Data provided section start

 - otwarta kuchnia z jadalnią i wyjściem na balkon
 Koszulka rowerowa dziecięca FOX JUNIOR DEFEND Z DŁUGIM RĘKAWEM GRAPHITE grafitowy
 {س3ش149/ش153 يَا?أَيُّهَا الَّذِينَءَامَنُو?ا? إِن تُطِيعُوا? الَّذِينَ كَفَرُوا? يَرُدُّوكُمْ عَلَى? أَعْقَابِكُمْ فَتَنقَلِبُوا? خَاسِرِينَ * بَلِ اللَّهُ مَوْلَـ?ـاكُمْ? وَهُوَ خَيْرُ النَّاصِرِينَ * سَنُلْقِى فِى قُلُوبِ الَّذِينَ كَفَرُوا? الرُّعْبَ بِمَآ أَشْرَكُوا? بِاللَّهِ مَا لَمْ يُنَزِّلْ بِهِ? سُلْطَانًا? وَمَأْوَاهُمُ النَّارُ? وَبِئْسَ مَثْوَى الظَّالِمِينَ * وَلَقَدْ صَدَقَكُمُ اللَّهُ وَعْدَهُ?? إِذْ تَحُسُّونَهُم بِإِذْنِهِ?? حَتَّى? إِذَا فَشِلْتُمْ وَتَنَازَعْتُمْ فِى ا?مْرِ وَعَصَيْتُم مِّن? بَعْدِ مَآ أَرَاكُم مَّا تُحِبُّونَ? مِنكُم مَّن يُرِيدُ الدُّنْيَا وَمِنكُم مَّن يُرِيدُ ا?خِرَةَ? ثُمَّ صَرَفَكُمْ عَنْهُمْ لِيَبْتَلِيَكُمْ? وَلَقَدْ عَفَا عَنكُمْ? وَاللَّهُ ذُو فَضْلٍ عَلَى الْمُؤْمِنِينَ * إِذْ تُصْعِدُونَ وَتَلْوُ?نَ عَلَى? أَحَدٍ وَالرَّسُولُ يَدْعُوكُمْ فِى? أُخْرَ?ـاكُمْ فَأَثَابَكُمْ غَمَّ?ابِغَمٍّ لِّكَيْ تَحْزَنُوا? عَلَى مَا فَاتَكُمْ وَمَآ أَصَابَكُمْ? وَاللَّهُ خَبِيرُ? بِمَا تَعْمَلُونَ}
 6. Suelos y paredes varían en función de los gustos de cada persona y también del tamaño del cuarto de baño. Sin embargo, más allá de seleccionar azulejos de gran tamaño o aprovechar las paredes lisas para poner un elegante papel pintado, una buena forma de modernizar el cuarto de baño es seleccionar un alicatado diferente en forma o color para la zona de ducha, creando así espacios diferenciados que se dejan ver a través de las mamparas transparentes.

Data provided section end

## Task to carry out:
When you reply, retype each line exactly as it appears above.

## Answer section:
 - otwarta kuchnia z jadalnią i wyjściem na balkon
 Koszulka rowerowa dziecięca FOX JUNIOR DEFEND Z DŁUGIM RĘKAWEM GRAPHITE grafitowy
 {س3ش149/ش153 يَا?أَيُّهَا الَّذِينَءَامَنُو?ا? إِن تُطِيعُوا? الَّذِينَ كَفَرُوا? يَرُدُّوكُمْ عَلَى? أَعْقَابِكُمْ فَتَنقَلِبُوا? خَاسِرِينَ * بَلِ اللَّهُ مَوْلَـ?ـاكُمْ? وَهُوَ خَيْرُ النَّاصِرِينَ * سَنُلْقِى فِى قُلُوبِ الَّذِينَ كَفَرُوا? الرُّعْبَ بِمَآ أَشْرَكُوا? بِاللَّهِ مَا لَمْ يُنَزِّلْ بِهِ? سُلْطَانًا? وَمَأْوَاهُمُ النَّارُ? وَبِئْسَ مَثْوَى الظَّالِمِينَ * وَلَقَدْ صَدَقَكُمُ اللَّهُ وَعْدَهُ?? إِذْ تَحُسُّونَهُم بِإِذْنِهِ?? حَتَّى? إِذَا فَشِلْتُمْ وَتَنَازَعْتُمْ فِى ا?مْرِ وَعَصَيْتُم مِّن? بَعْدِ مَآ أَرَاكُم مَّا تُحِبُّونَ? مِنكُم مَّن يُرِيدُ الدُّنْيَا وَمِنكُم مَّن يُرِيدُ ا?خِرَةَ? ثُمَّ صَرَفَكُمْ عَنْهُمْ لِيَبْتَلِيَكُمْ? وَلَقَدْ عَفَا عَنكُمْ? وَاللَّهُ ذُو فَضْلٍ عَلَى الْمُؤْمِنِينَ * إِذْ تُصْعِدُونَ وَتَلْوُ?نَ عَلَى? أَحَدٍ وَالرَّسُولُ يَدْعُوكُمْ فِى? أُخْرَ?ـاكُمْ فَأَثَابَكُمْ غَمَّ?ابِغَمٍّ لِّكَيْ تَحْزَنُوا? عَلَى مَا فَاتَكُمْ وَمَآ أَصَابَكُمْ? وَاللَّهُ خَبِيرُ? بِمَا تَعْمَلُونَ}
 6. Suelos y paredes varían en función de los gustos de cada persona y también del tamaño del cuarto de baño. Sin embargo, más allá de seleccionar azulejos de gran tamaño o aprovechar las paredes lisas para poner un elegante papel pintado, una buena forma de modernizar el cuarto de baño es seleccionar un alicatado diferente en forma o color para la zona de ducha, creando así espacios diferenciados que se dejan ver a través de las mamparas transparentes.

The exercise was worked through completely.